Foodbanks in the area have also experienced a spike in demand since the start of the pandemic, and struggled initially to source enough food to meet it. Coordinators were forced to scramble around local hotel chains and ask them for help before a new supply chain was set up with Bristol-based food charity FareShare, who have expanded into Devon ahead of schedule as a result of the crisis.

“There were times when we were running on a really fine line – we never ran out but we spent an awful lot of time looking for food, which was a shock in itself,” said David Gledhill, a lead member of the Torbay Community Development Trust. “In the wealthy Western world, that’s just not something you think about having to do.”

Gledhill said that people in Torbay will continue to face challenges in the months to come, particularly as the furlough scheme begins to taper off and more people face possible redundancy.

“We’re expecting a massive mushrooming of people in need of mental health support because they’ve been locked down for so long and they’ve got nothing to look forward to, or they’ll see their neighbours going back to something and they can’t,” Gledhill said.

“There’s a lot of money going into services now locally to help, but there’s an awareness that there’s going to be a hell of a lot more people soon, and they’re going to get desperate.”

Foodbanks have struggled to meet demand. (File photo)
Foodbanks have struggled to meet demand. (File photo)

In order to give local businesses a boost this year during the shortened summer season, leaders in the region have called for tourism-specific assistance from the treasury – partially delivered with a cut on VAT for the hospitality and tourism industry in a statement by Rishi Sunak in early July.

To tackle the decline in visitors, the Torbay Economic Development Company, which is wholly owned by Torbay council, is also pursuing some £43m in government schemes in order to boost town centres in Paignton and Torquay – backed by £80-£100m of private investment.

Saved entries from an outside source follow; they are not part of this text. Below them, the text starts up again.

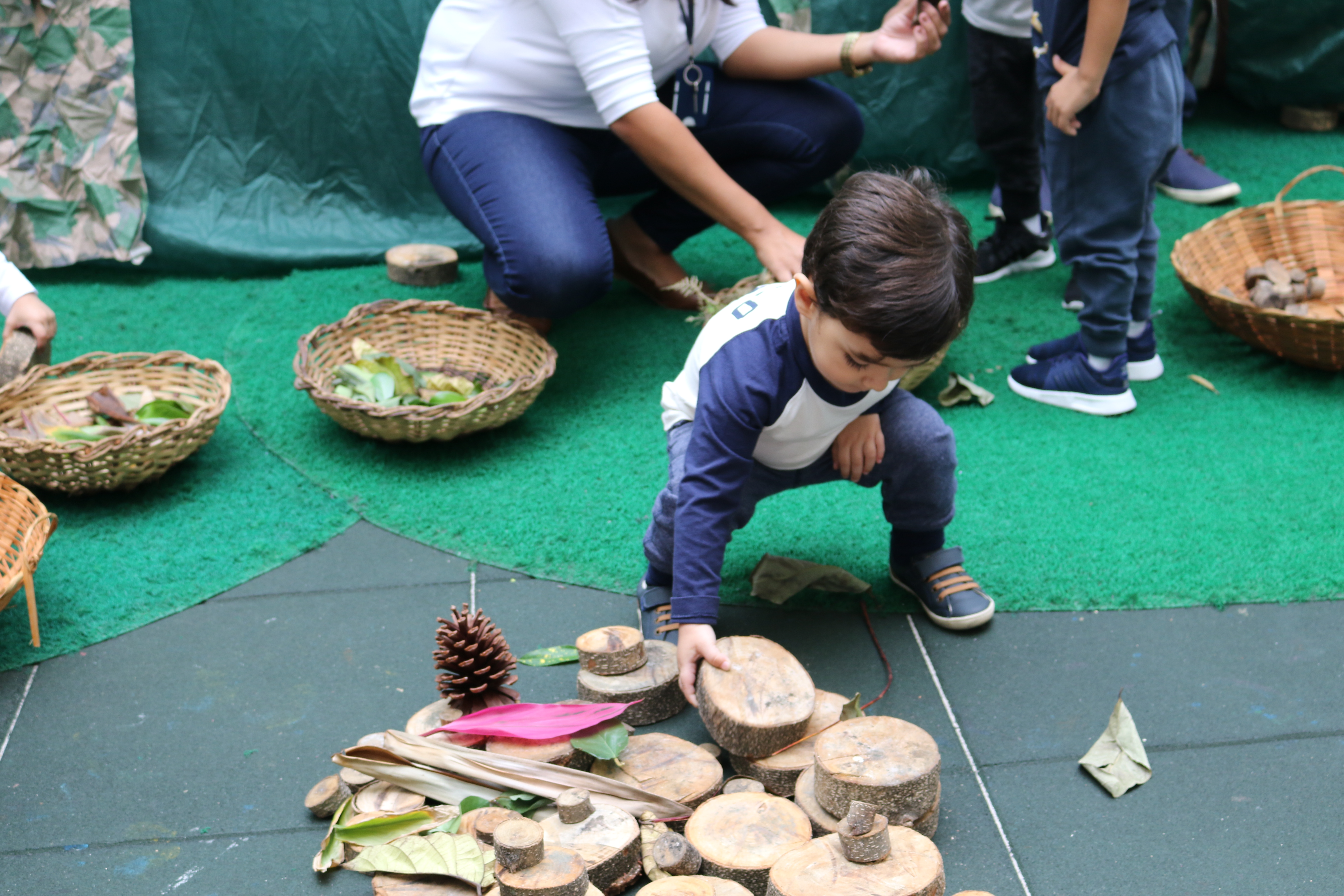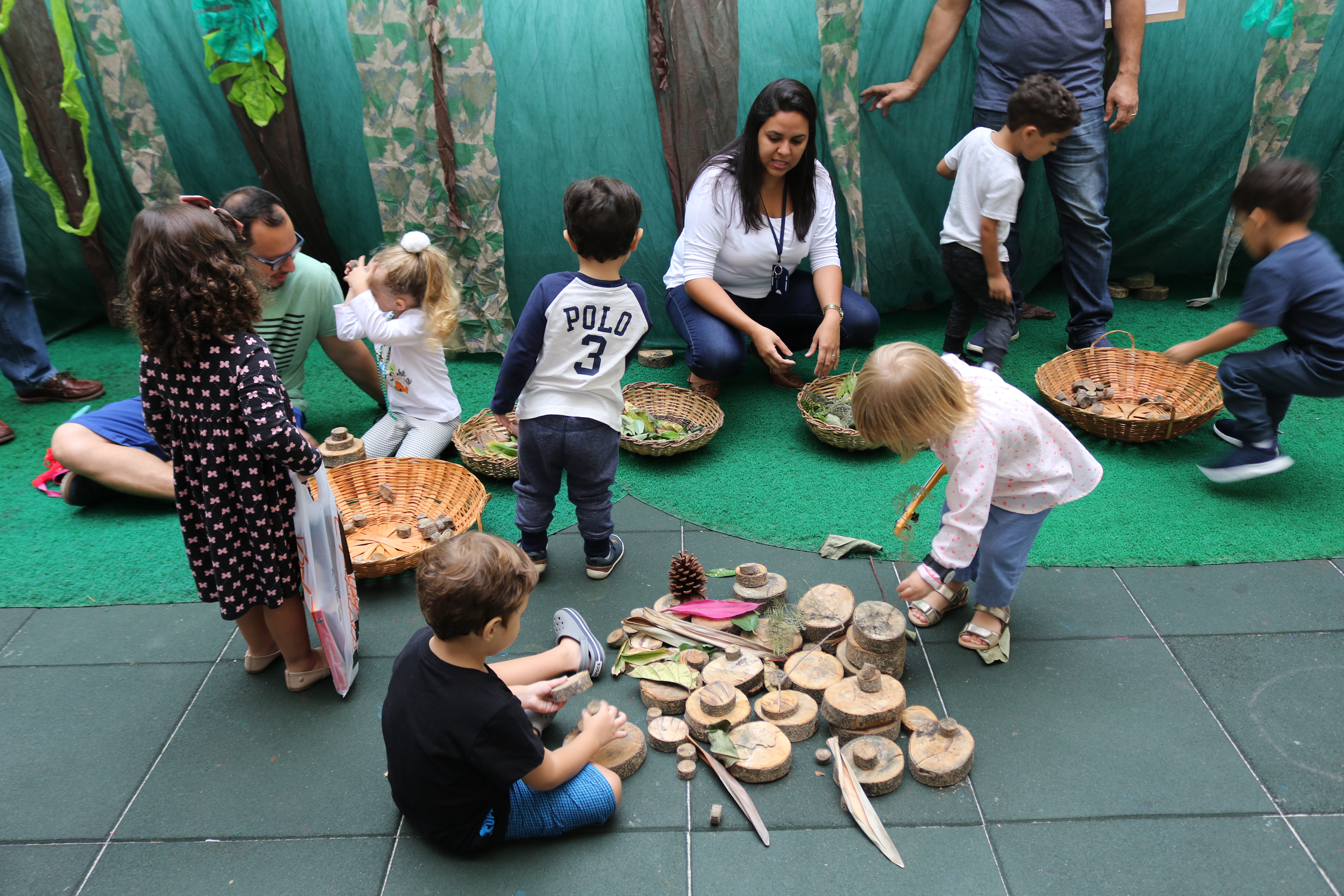 No pátio Lateral, o Jardim 1 revisitou a história da Cirgarra e da Formiga, modificando seu final. As formigas ensinaram as cigarras a trabalhar para nada faltar no inverno, em uma lição de união. A atividade envolvia as crianças em uma construção coletiva com elementos da natureza ]
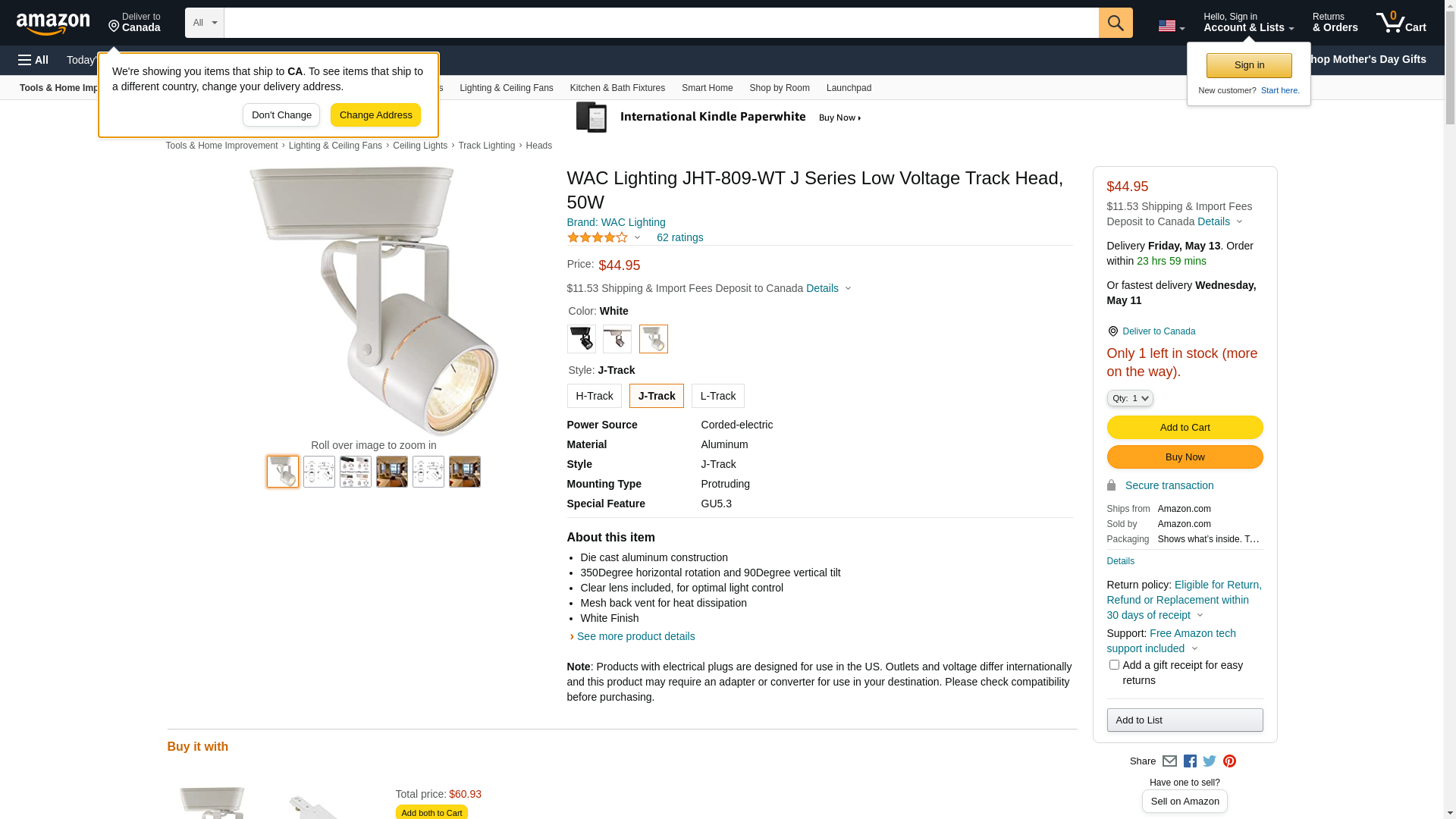 ![]() gordonelectricsupply.com | JHT-809-WT | 1 | WAC LTG Orders over $150 Usually Ship Next Day Otherwise 5-7 days | 1 | 1 @ $44.95 |
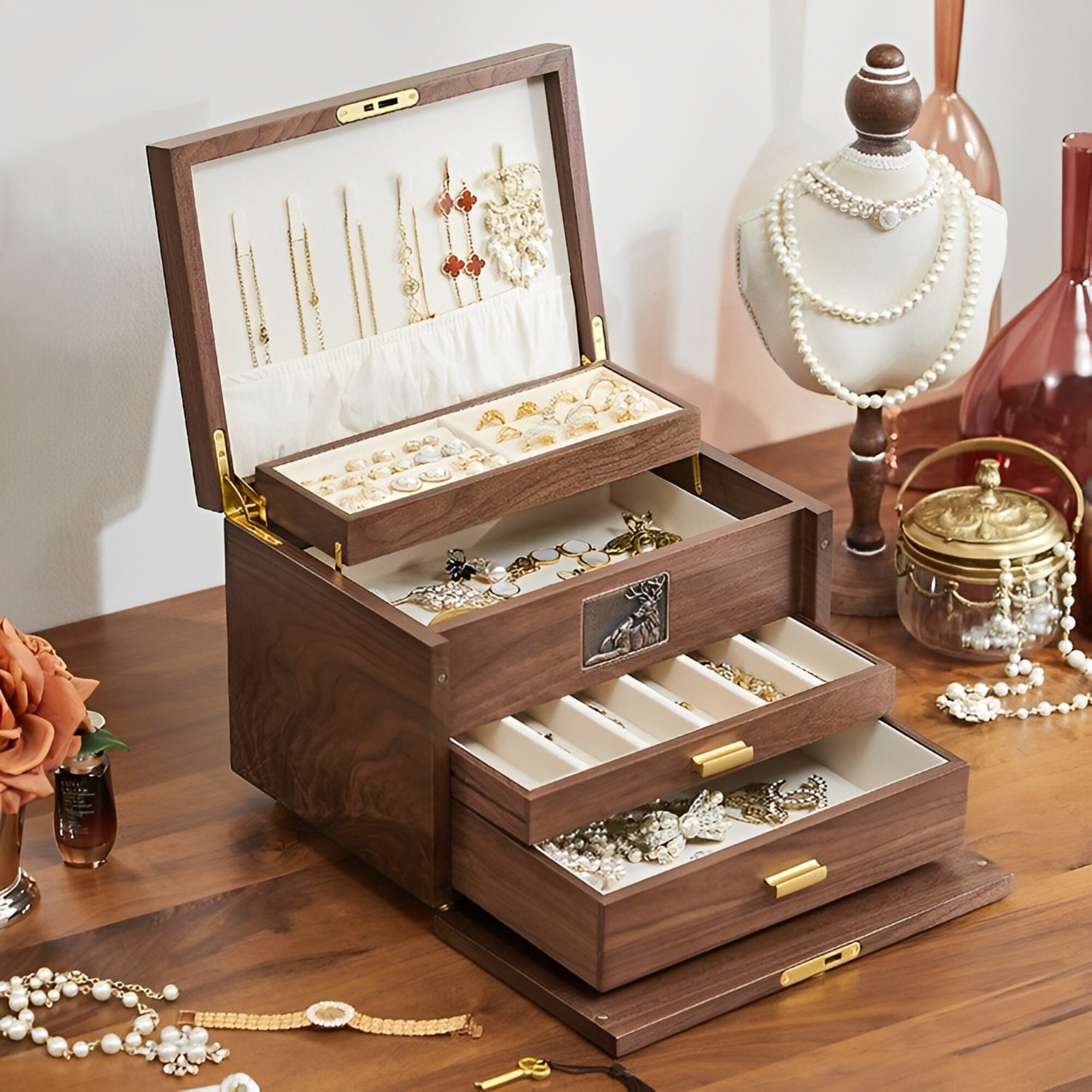 Verwandle deine Schmucksammlung in eine wertvolle Präsentation! Dieses Kästchen ist das perfekte Geschenk für alle, die Ordnung und Stil lieben. Einfach bestellen und deine Schätze sicher und schön verwahren!
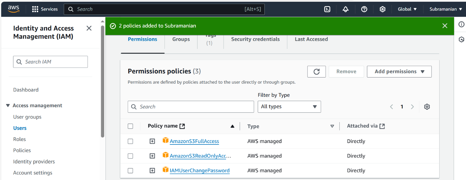 - Log in to the AWS Management Console and go to IAM (Identity and Access Management).
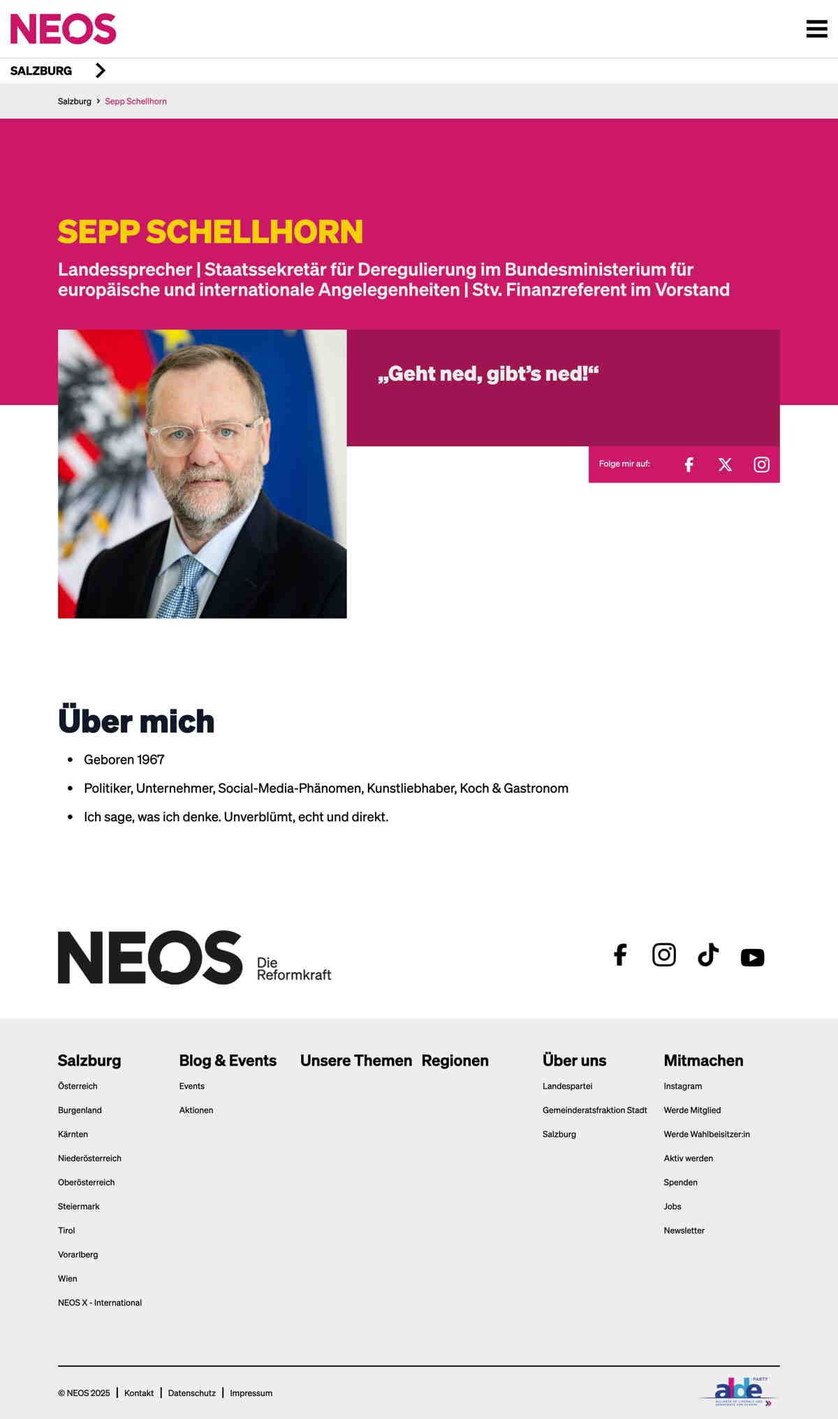 Quelle: NEOS Salzburg (Zugriff: 20.10.2025) Screenshot/Dokument: screencapture-salzburg-neos-eu-personen-sepp-schellhorn-2025-10-20-13_08_13.jpg

Recovering from coronavirus in the bay isn’t just about getting holidaymakers to return, however. Leaders are also looking to reposition the economy and encourage entrepreneurs to relocate to the area. A £25m investment saw the opening of the Electronics and Photonics Innovation Centre and South Devon College’s Hi Tech Digital Centre in 2019, and there are hopes that as Covid-19 dismantles our ideas about work and industry, a location like Torbay will become more attractive to leading companies.

“The fact that you haven’t got a 360-degree market is definitely a challenge – a lot of demand on the area comes in the summer months when the population can go up by anywhere from 70% to 100% depending on the week,” Denby said.

Shifting the local economy away from its reliance on tourism could be a key to its survival in the long term.

“We don’t want to go back,” said Swithin Long. “‘Normal’ wasn’t the best place to be anyway because of the underlying issues we’ve faced.”